For the child within: Gremlins Go ahead, laugh all you want at the Christmas-hued gag sequences in the final reel. Just don't come crying to me when the closing narration sends shivers down your spine.

For the whole family: The Nightmare Before Christmas

It's fun for the whole family (the music! the humor! the fantasy!), but a more experienced viewer will enjoy the wonder of the songs while sinking further and further into dread as Jack Skellington tiptoes to the edge of insanity.

For the horror fan with a heart for Christmas: Christmas Evil Christmas Evil is an anomaly of sorts. It was heavily protested when it came out because Santa kills somebody, but it's not a slasher film as modern packaging suggests. It is the sad, weird tale of a man so obsessed with Santa Clause after childhood trauma that he has to become him at any cost.

For the horror fan who hates the holidays: Silent Night, Deadly Night You want blood on the snow and a homicidal Santa Clause? Choose this one.

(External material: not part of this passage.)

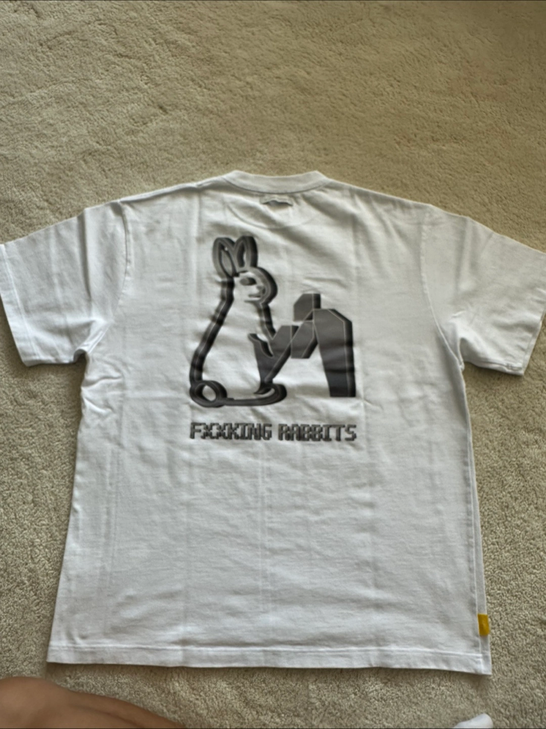 Selling a white FR2 (Fucking Rabbits) T-shirt. The length is 29 inches and the width is 23.5 inches. It features the FR2 logo on the front and a rabbit design on the back. Great condition!

For the horror fan who likes the holidays but wants an objectively good horror film: The Christmas Tale from Six Films to Keep You Awake It's a surprisingly strong cross between The Goonies and a slasher. A group of kids find a woman dressed as Santa Clause in a pit in the forest. They don't know that she just robbed a bank and will do anything to get away with her crime. You ever seen a serial killer sequence in a shut-down water park in the middle of winter? You should.

For the horror fan who can take or leave the holidays but wants an actual slasher: Black Christmas If you pick up the remake, it's your own fault. It's not a Christmas film beyond the title as it's about a group of sorority girls spending winter break on campus. The original is the first body count slasher film and holds up beautifully in spite of the breadth of copycat films released afterward (and yes, it predates Halloween; and no, Psycho was not a body count slasher).

For the masochistic horror fan: The Jack Frost Films So you're filled with self-loathing for the holidays and want to experience more pain? Pop in these two duds and you'll forget your troubles trying understand how the first one warranted a sequel and why the sequel even counts as a film.

For the slapstick horror fan: The Invisible Man It's been almost seventy years since this film's snowy visuals pioneered a new method of effects work and they're still breathtaking. Once you reach that last reel, you might think your DVD cut to a particularly dark Keystone Cops routine.

For the vampire fan celebrating Christmas: Thirst What better way to celebrate the holiest day of the year than with a moody character/suspense film about a priest who becomes a vampire?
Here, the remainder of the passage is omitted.